Comment 8 Yuri Pankov freebsd_committer freebsd_triage 2019-09-29 22:32:50 UTC
Could you please try replacing src/share/ctypedef/C.UTF-8.src with https://people.freebsd.org/~yuripv/C.UTF-8.src and rebuilding?
Comment 9 Daniel Ponte 2019-09-30 15:27:50 UTC
(In reply to Yuri Pankov from comment #8)

This resolves the issue on both CURRENT and 12.1-STABLE. Thank you.
Comment 10 commit-hook freebsd_committer freebsd_triage 2019-10-05 22:18:36 UTC
A commit references this bug:

Author: yuripv
Date: Sat Oct  5 22:17:55 UTC 2019
New revision: 353130
URL: https://svnweb.freebsd.org/changeset/base/353130

Log:
  Mark "private use area" characters as printable.

  At least some of the characters in E000-F8FF range are used by Powerline
  fonts, and having no attributes for these ranges in UnicodeData.txt
  other than "Other, Private Use" it should be safe to mark all of them as
  printable.  Some actually were before r340491, so this fixes the
  regression introduced there as well.

  PR:		240911
  Reviewed by:	bapt
  Tested by:	Daniel Ponte <amigan@gmail.com>
  Differential Revision:	https://reviews.freebsd.org/D21850

Changes:
  head/share/ctypedef/C.UTF-8.src
  head/tools/tools/locale/tools/utf8-rollup.pl
Comment 11 commit-hook freebsd_committer freebsd_triage 2020-12-02 22:44:48 UTC
A commit references this bug:

Author: yuripv
Date: Wed Dec  2 22:44:41 UTC 2020
New revision: 368288
URL: https://svnweb.freebsd.org/changeset/base/368288

Log:
  MFC r353130:

  Mark "private use area" characters as printable.

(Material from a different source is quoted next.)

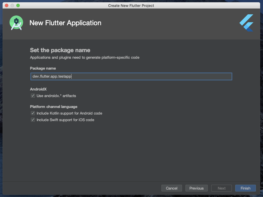 프로젝트 생성하면서 가장 중요한 "Package Name". FCM에서 입력했던 것과 동일하게 해야 한다. 프로젝트를 먼저 생성했다면 여기서 만든 패키지 이름을 FCM에서 설정해서 사용하여야 한다.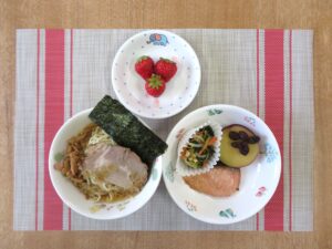 2025年3月12日 by 和光保育園 3月11日(火)給食 3月11日(火)おやつ 3月11日(火)アレルギー対応給食 3月11日(火)つぼみ組,はと組用おやつ ≪給食≫ ・海苔ラーメン ・鮭のソテー ・おいもの甘煮 ・ほうれん草のナムル(アレルギー対応は白ごま抜き) ・フルーツ(いちご) ≪おやつ≫ ・牛乳 ・二色サンド(つぼみ組,はと組は生クリーム抜き) 本日の給食・おやつは、「すみれ組さんのリクエストメニュ」です。 「海苔ラーメン」は、すみれ組さんをはじめ、どのクラスでも人気のメニューです。

  At least some of the characters in E000-F8FF range are used by Powerline
  fonts, and having no attributes for these ranges in UnicodeData.txt
  other than "Other, Private Use" it should be safe to mark all of them as
  printable.  Some actually were before r340491, so this fixes the
  regression introduced there as well.

  PR:		240911
  Reviewed by:	bapt
  Tested by:	Daniel Ponte <amigan@gmail.com>
  Differential Revision:	https://reviews.freebsd.org/D21850

Changes:
_U  stable/12/
  stable/12/share/ctypedef/C.UTF-8.src
  stable/12/tools/tools/locale/tools/utf8-rollup.pl
Comment 12 Yuri Pankov freebsd_committer freebsd_triage 2020-12-02 22:45:49 UTC
Better late than never, sorry for the delay, completely forgot about MFC.